Statutory requirements for commercial contracts to be fair and reasonable do not automatically apply to international supply contracts. So held the Court of Appeal in a recent case concerning an aircraft leasing agreement.

First Flight Couriers Ltd. sought to acquire two aircraft to carry express cargo across India. The aircraft were procured from BAE and a lease agreement was signed in 2004 on behalf of Trident Turboprop (Dublin) Ltd. as the lessor and First Flight as the lessee.

Delivery was accepted in 2006 and both aircraft were put into operation. Shortly afterwards, a third aircraft was acquired under the same lease arrangements. In August 2007, First Flight decided to cease operations with all three aircraft because of alleged shortfalls in specified payload, defects in the aircraft, longer than anticipated flight times and what they described as poor spares support.

The following month, First Flight ceased all rental payments on the aircraft on the ground that the capabilities of the aircraft were misrepresented. Trident then issued default notices in October 2007 and gave notice of termination of the lease agreements in January 2008. First Flight claimed to have rescinded the agreement prior to Trident’s termination.
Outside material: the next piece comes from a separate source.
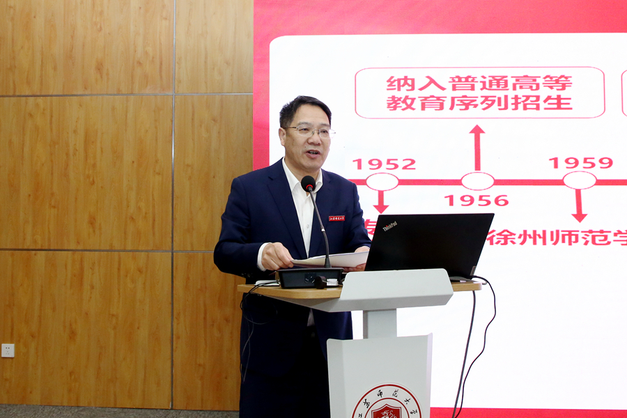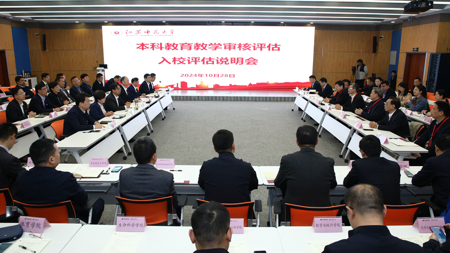 10月28日,入校評估說明會在泉山校區分析測試中心300會議室召開。專家組組長、浙江師范大學黨委書記蔣云良,專家組副組長、南通大學原黨委書記浦玉忠,專家組成員彭育園、張凌浩、俞洪亮、沈忠華、劉建民,專家組秘書趙遠暢、嚴娟、梁瑩,江蘇省教育評估院副院長吳立平、項目主任許慧、王欣蕊及我校在徐校領導出席會議。學校職能部門負責人、學院院長、教師代表和學生代表參加會議。會議由副校長趙鵬主持。

At the original trial at the High Court in 2008, Trident sought to recover unpaid rent and damages exceeding US$1 million, plus legal costs of around $40,000. The company relied on a clause in the lease agreements stating that First Flight’s obligation to make rent payments was ‘absolute and unconditional’. First Flight’s defence was that this and other conditions were not reasonable within the meaning of the 1977 Unfair Contract Terms Act (UCTA), given the alleged misrepresentation. The Court found in favour of Trident and First Flight subsequently appealed.

The Appeal Court ruled that the UCTA does not apply to contracts for the supply of goods across international borders. This meant that the statutory requirement for ‘reasonableness’ did not apply in this instance. As such, First Flight was not entitled to withhold rental payments or to rescind the agreement. The appeal was therefore dismissed.

“International supply agreements should be read on the assumption that their terms and conditions will be interpreted literally,” says John Kenneally. “Cases such as this show that there is little if any scope for either party to claim subsequently that terms and conditions are unreasonable in the light of unforeseen circumstances.”

The material contained in this article is provided for general purposes only and does not constitute legal or other professional advice. Appropriate legal advice should be sought for specific circumstances and before action is taken.